In the present study, we first test the extent to which ADHD polygenic risk score (PRS) is associated with dimensional assessments of ADHD symptomatology in a population-based sample of youths. Next, we investigate the degree to which ADHD symptomatology is associated with white matter microstructure and cerebral cortical thickness in the same population-based sample of adolescents. Importantly, we then test the extent to which white matter and cerebral cortical correlates of ADHD symptomatology are associated with ADHD PRS.
Methods and materials
Sample
Neuroimaging and behavioral data were obtained from the IMAGEN study conducted across eight European sites in France, the United Kingdom, Ireland, and Germany, which includes 2223 adolescents recruited from schools at age 14 years (age range = 12.9–15.7 years). Recruitment into the IMAGEN study targeted adolescents for whom all four grandparents were the same nationality as the participant (i.e., participants were required to have four Western European grandparents); as such, the sample is racially and ethnically homogenous. Local ethics research committees approved the study at each site. Written consent was obtained from the parent or guardian as well as verbal assent from the adolescent. A detailed description of recruitment and assessment procedures has been published elsewhere [22]. Only participants possessing multi-informant psychopathology data, quality controlled neuroimaging data, and complete demographic data were included in the present study.

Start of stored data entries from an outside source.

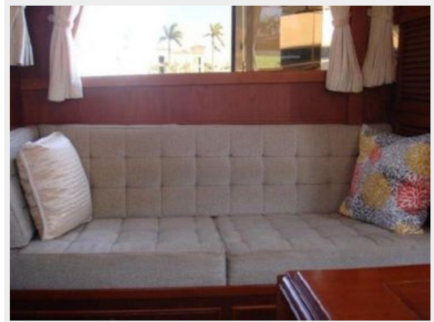
Port Side Salon Settee
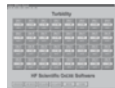
HF Online software

Keeps the optical chamber clean in finished or raw water applications.
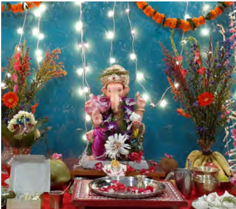
Satya Naidu - Carnac
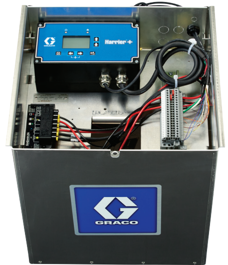
Harrier+ Two Battery Control Box
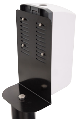
BACK MOUNTING PLATE
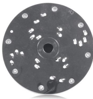
Shredding Disc – 3mm For Matured Cheese 80-10-14
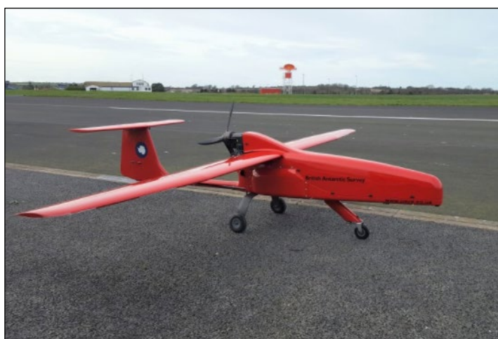
Figure 3: The Prion Mk3 drone used for the magnetic survey

The survey will be conducted by UAVE Ltd using the Prion Mk3 UAV, a purpose built fixed-wing drone with a nose mounted Geometric G-832A sensor, flown at approximately 100m above surface using a 200m x 500m survey grid spacing for more than 2,000 flown line kilometres.
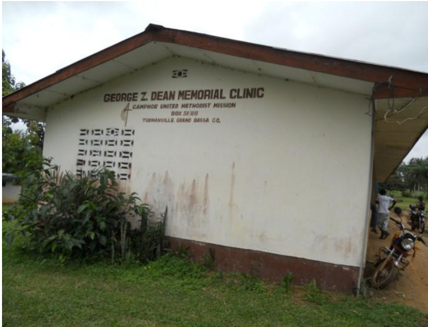
Figure 3: George Z. Dean Memorial United Methodist Clinic at the Camphor United Methodist Mission. This is first clinic built by the United Methodist Church in Grand Bassa County, Liberia.
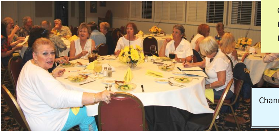
Channel Islanders Election Dinner October 26 th
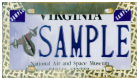
ILLEGAL LICENSE PLATE HOLDER

In an effort to ensure that your customers do not encounter difficulties with law enforcement, please ensure that any license plate holders placed on vehicles sold by your dealership conform to these new regulations.
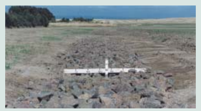
One of the finished large crushed rock treatments.

These three treatments were replicated twice down the headland. Water from each treatment was removed by an underground drain across the headland.
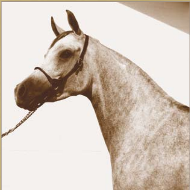
The beautiful Nahlah (Morafic x Mohga by El Sareei) many times U.S. National winner in halter and performance.

great grand dam of Paris World Reserve Champion and Middle Eastern Champion Bint Saida Al Nasser.

Psychopathology assessment
The Development and Well-Being Assessment (DAWBA) [23] is a computer-based package of questionnaires, interviews, and rating techniques used to assess adolescent psychopathology. In the present study, ADHD symptom scores were derived from the parent version of the DAWBA—youths did not complete the DAWBA ADHD module. In addition to total symptom score, the parent version of the DAWBA yielded separate scores for both Hyperactivity/Impulsivity and Inattention.

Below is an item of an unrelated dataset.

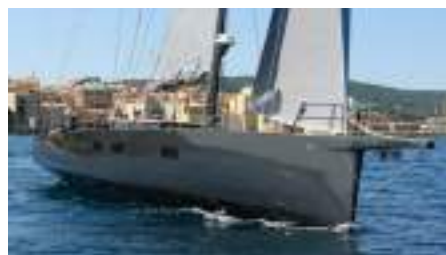
BLACK LEGEND 4 Black Pepper Code 2.1 17.40 m 2019 (New - Sold by her Shipyard) Location: Port Grimaud, France EUR 1 695 000

Self-report and parent report versions of the Strengths and Difficulties Questionnaire (SDQ) were also used to assess symptoms of hyperactivity and inattention [24]. In addition to the Hyperactive/Inattentive scale, the Emotional scale on the youth SDQ was utilized to assess mood and anxiety symptomatology. The SDQ is a reliable and valid measure of youth emotional and behavior symptoms, on which scores are predictive of increased probability of clinician-rated psychiatric disorders and retest stability over 4–6 months [25].
A dimensional, multi-informant ADHD composite was derived by standardizing DAWBA ADHD total symptom score, as well as parent and youth SDQ Hyperactive/Inattentive scores, and summing the standardized z-scores.
ADHD PRS
ADHD PRS in the present study was based on a very recent ADHD genome-wide association (GWAS) [26]. Importantly, this GWAS by Demontis et al. [26] represents the first report of genome-wide significant risk loci for ADHD, with 12 independent loci surpassing genome-wide significance. Of note, genotype data from IMAGEN were not used in this study.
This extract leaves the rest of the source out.